Centeno hoffte ursprünglich, dass die Euro-Länder bis Ende vergangenen Jahres die Reform des Rettungsschirms ESM abschließen. Der ESM springt Euro-Staaten mit Notkrediten bei, wenn diese auf dem Finanzmarkt keine Käufer für ihre Anleihen finden. Außerdem sollten sich die Finanzminister darauf einigen, Verhandlungen über eine EU-Einlagensicherung zu beginnen, also über ein europäisches System, das bei Bankpleiten für Sparguthaben garantiert. Bisher gibt es nur nationale Einlagensicherungen. Doch Streitigkeiten verhinderten beides. Centeno sagt, hinter der Blockade stünden "zeitweilige" politische Umstände, nichts Dauerhaftes. "Wir sind 19 Demokratien, und jeder muss einverstanden sein, bevor wir voranschreiten, denn Entscheidungen fallen im Konsens", sagt er im Gespräch mit der SZ.

Die Bundesregierung lehnte eine EU-Einlagensicherung lange ab, aber im November erregte SPD-Finanzminister Olaf Scholz Aufsehen, als er unter gewissen Umständen Unterstützung signalisierte. Dass solch ein Vorschlag erstmals von einer deutschen Regierung kam, habe ihn zuversichtlich gestimmt, voranzukommen, sagt Centeno. "Vorher steckten wir ein bisschen fest." Allerdings wurde schnell klar, dass andere Regierungen - etwa die italienische - Scholz' Vorbedingungen ablehnen. So will der deutsche Minister Banken mit neuen Regeln davon abbringen, zu viele Staatsanleihen ihrer Heimatländer zu kaufen, weil diese Ballung riskant ist. Die italienische Regierung befürchtet Nachteile durch derartige Reformen.

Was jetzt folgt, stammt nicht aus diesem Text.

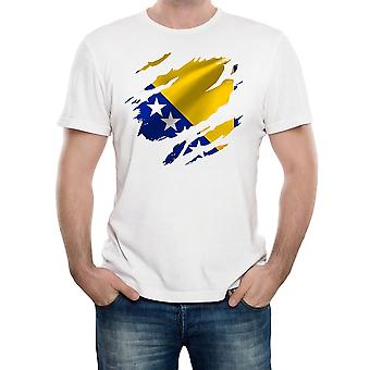 Reality Glitch Torn Bosnia Flag Mens T-shirt
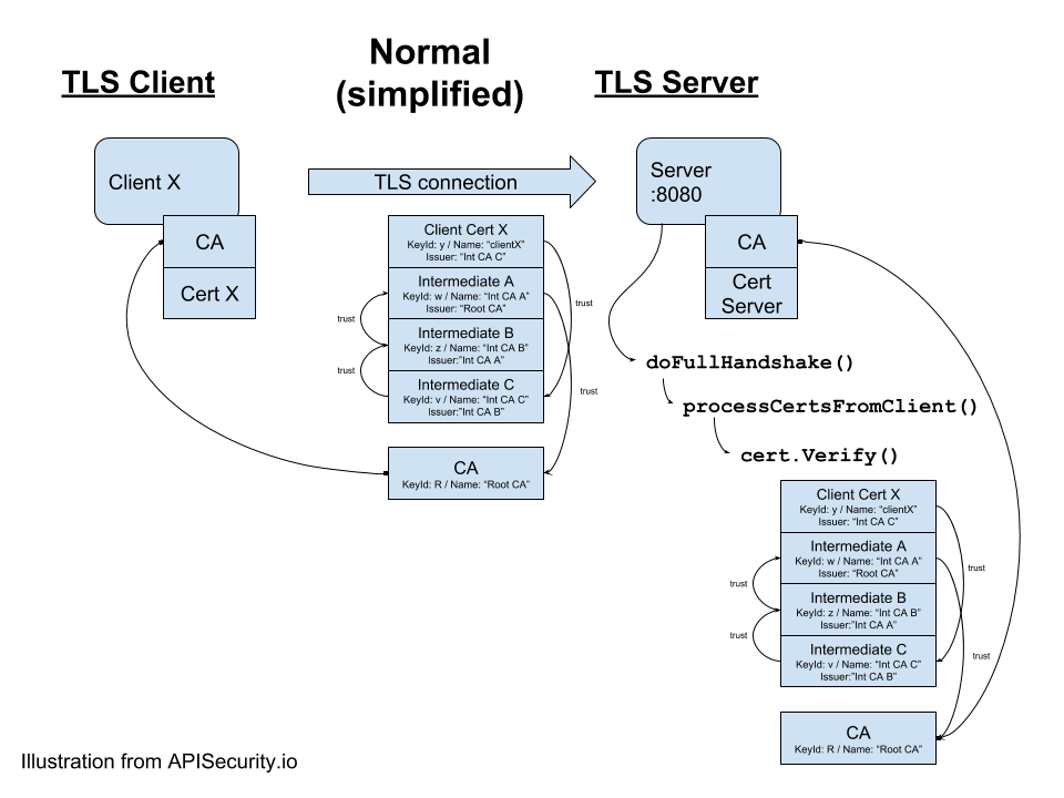 findVerifiedParents(client_certificate),查找待验证证书的签发机构(判断是否为root CA),然后根据AuthorityKeyId(如果不为nil)或者原始的issuer值(如果为nil)检查所有找到的证书的签名 - 在(客户端提供的)中间CA池上调用
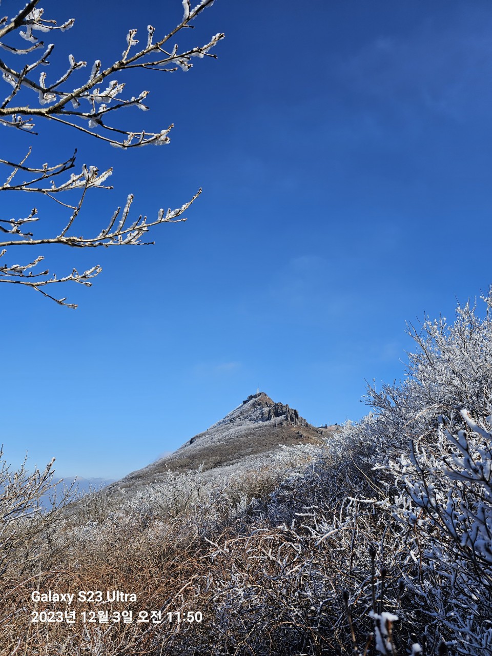 ➴ 멀리 천왕봉의 상고대가 멋져보인다
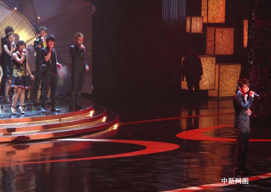 图为台湾人气歌手曹格率领香港歌唱选秀节目《超级巨星》的参赛者表演歌曲联唱,为港姐决赛助兴。(摄影:余瑞东)
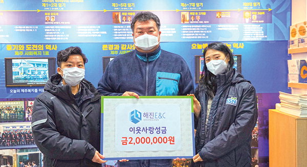 해진이엔씨(대표 고만성)는 최근 제주특별자치도사회복지협의회에 도내 어려운 이웃을 돕는 데 써달라며 이웃사랑 성금 200만원을 기탁했다.

Centeno glaubt dennoch, dass ein Kompromiss möglich ist. "Wir arbeiten nach der Devise: Nichts ist vereinbart, bis alles vereinbart ist. Viele Dinge werden als inakzeptabel bezeichnet, besonders, wenn sie isoliert betrachtet werden, aber am Ende kann man ihnen zustimmen, als Teil eines Pakets", sagt der Finanzminister. Er schätzt freilich, dass sich die Verhandlungen über die Einlagensicherung bis zum Ende der Amtszeit der neuen EU-Kommission hinziehen, also bis 2024. Ein Abschluss bis dahin wäre "ein Erfolg".

Widerstand aus Rom ist auch der Grund für Verzögerungen bei der Reform des Europäischen Stabilitätsmechanismus (ESM). Die Mitgliedstaaten wollen diesen Euro-Rettungsschirm stärken. Davon würde Italien ebenfalls profitieren. Die dortige Regierung macht aber nun, kurz vor Vertragsabschluss, Bedenken gegen Details geltend, denen sie vorher zugestimmt hat. Centeno sagt jedoch, er sei "überzeugt, dass die Debatte in Italien sich entwickeln wird". Er rechne damit, dass die Finanzminister den ESM-Umbau bis März absegnen und die Staats- und Regierungschefs den Vertrag "immer noch im ersten Halbjahr" unterschreiben könnten.

In drei Wochen wird die EU-Kommission eine Untersuchung zu Stärken und Schwächen des Stabilitäts- und Wachstumspakts vorlegen - das sind die Regeln für solide Haushaltsführung in den Euro-Ländern. Der zuständige Kommissar Paolo Gentiloni könnte Reformvorschläge unterbreiten. Der Italiener hegt Sympathien dafür, Regierungen mehr Spielraum für Investitionen zu gewähren, etwa in den Klimaschutz. Centeno äußert sich vorsichtig zustimmend: "Alles, was die Zusammensetzung der Staatsausgaben verbessert, ohne die Nachhaltigkeit der Finanzen zu riskieren, ist eine Überlegung wert." Aber es könne nicht darum gehen, den Pakt laxer zu machen: "Wir dürfen nicht gefährden, was wir mit unseren bisherigen Regeln und Rahmen erreicht haben."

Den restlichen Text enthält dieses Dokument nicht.